Data items:
_ _ _ _ _

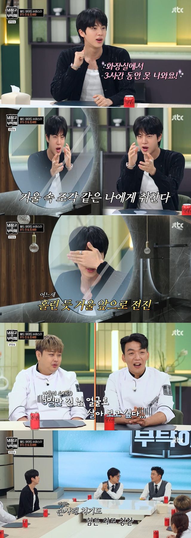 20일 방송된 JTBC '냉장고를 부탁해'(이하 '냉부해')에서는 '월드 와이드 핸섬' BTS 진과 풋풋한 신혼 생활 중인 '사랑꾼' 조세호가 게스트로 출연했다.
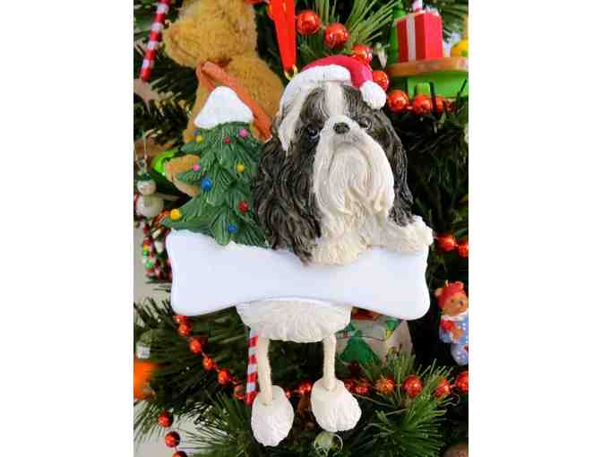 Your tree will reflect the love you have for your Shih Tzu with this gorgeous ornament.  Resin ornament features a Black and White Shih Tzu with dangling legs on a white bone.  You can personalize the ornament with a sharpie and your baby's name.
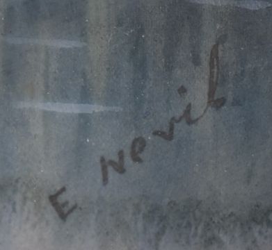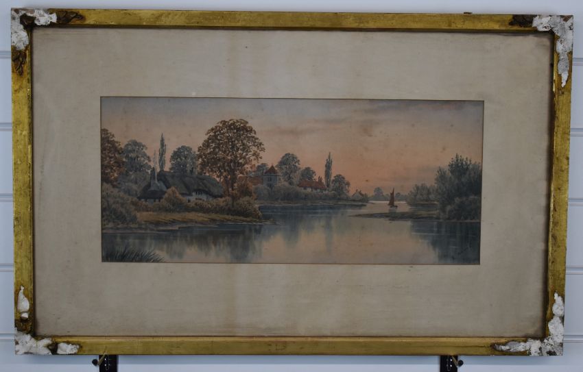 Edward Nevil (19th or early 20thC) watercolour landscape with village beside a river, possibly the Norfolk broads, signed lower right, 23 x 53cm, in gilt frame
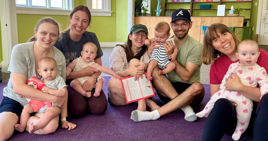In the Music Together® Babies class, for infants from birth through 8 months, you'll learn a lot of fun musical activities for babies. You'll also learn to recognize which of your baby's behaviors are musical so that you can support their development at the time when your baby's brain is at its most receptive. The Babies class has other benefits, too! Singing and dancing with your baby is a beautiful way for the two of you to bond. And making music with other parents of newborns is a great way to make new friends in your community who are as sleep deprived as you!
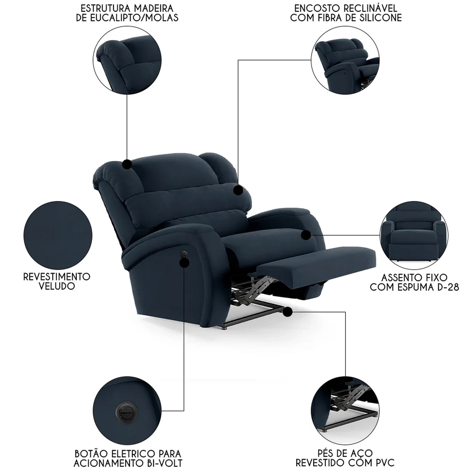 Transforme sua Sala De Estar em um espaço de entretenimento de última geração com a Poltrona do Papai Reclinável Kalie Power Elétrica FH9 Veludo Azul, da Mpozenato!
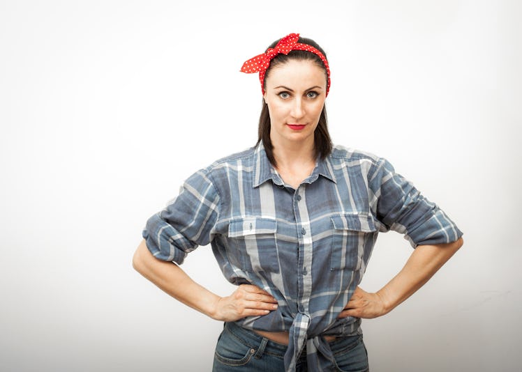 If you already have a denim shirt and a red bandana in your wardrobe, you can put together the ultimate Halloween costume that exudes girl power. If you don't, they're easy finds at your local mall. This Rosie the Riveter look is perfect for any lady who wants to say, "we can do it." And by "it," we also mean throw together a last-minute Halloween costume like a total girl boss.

_ _ _ _ _

* **Task instructions**
Every entry above should be given again exactly, with no images included.

* **Answer for the task**
 20일 방송된 JTBC '냉장고를 부탁해'(이하 '냉부해')에서는 '월드 와이드 핸섬' BTS 진과 풋풋한 신혼 생활 중인 '사랑꾼' 조세호가 게스트로 출연했다.
 Your tree will reflect the love you have for your Shih Tzu with this gorgeous ornament.  Resin ornament features a Black and White Shih Tzu with dangling legs on a white bone.  You can personalize the ornament with a sharpie and your baby's name.
 Edward Nevil (19th or early 20thC) watercolour landscape with village beside a river, possibly the Norfolk broads, signed lower right, 23 x 53cm, in gilt frame
In the Music Together® Babies class, for infants from birth through 8 months, you'll learn a lot of fun musical activities for babies. You'll also learn to recognize which of your baby's behaviors are musical so that you can support their development at the time when your baby's brain is at its most receptive. The Babies class has other benefits, too! Singing and dancing with your baby is a beautiful way for the two of you to bond. And making music with other parents of newborns is a great way to make new friends in your community who are as sleep deprived as you!
 Transforme sua Sala De Estar em um espaço de entretenimento de última geração com a Poltrona do Papai Reclinável Kalie Power Elétrica FH9 Veludo Azul, da Mpozenato!
 If you already have a denim shirt and a red bandana in your wardrobe, you can put together the ultimate Halloween costume that exudes girl power. If you don't, they're easy finds at your local mall. This Rosie the Riveter look is perfect for any lady who wants to say, "we can do it." And by "it," we also mean throw together a last-minute Halloween costume like a total girl boss.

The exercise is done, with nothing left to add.